> [Material provided]:
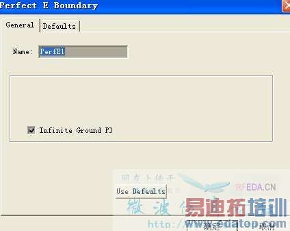 无限接地就是默认那个平面是一个无限大的面,一般用于反射板,如果是贴片就不能使用,而且无限接地必须是辐射吸收边界的一部分,不能在辐射吸收边界内
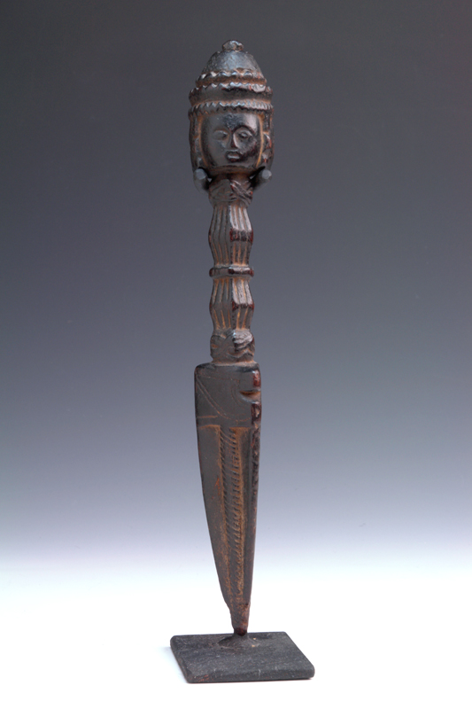 TWO WOOD CARVED FIGURAL PHURBAS, stylized snake carved to both lower daggers, largest 30cm high
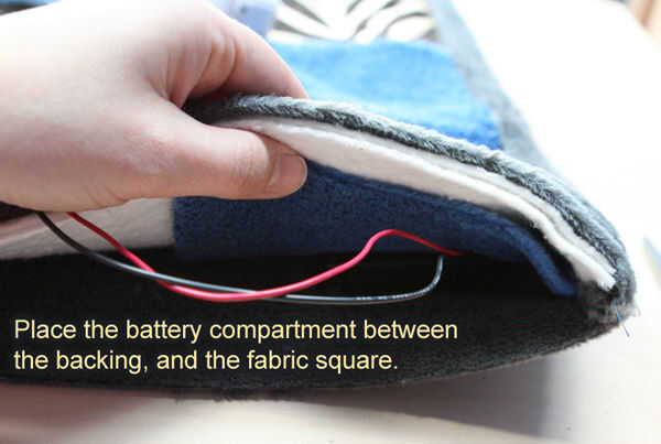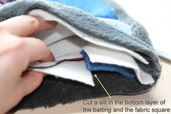 4) corte una raja de lado, aunque un poco de la cuadrados de tela y una capa de bateo. Ejecute el cable a través de esa fisura.

> [Instructions for the task]: Print the listing exactly, minus its pictures.

> [Output]:
 无限接地就是默认那个平面是一个无限大的面,一般用于反射板,如果是贴片就不能使用,而且无限接地必须是辐射吸收边界的一部分,不能在辐射吸收边界内
 TWO WOOD CARVED FIGURAL PHURBAS, stylized snake carved to both lower daggers, largest 30cm high
 4) corte una raja de lado, aunque un poco de la cuadrados de tela y una capa de bateo. Ejecute el cable a través de esa fisura.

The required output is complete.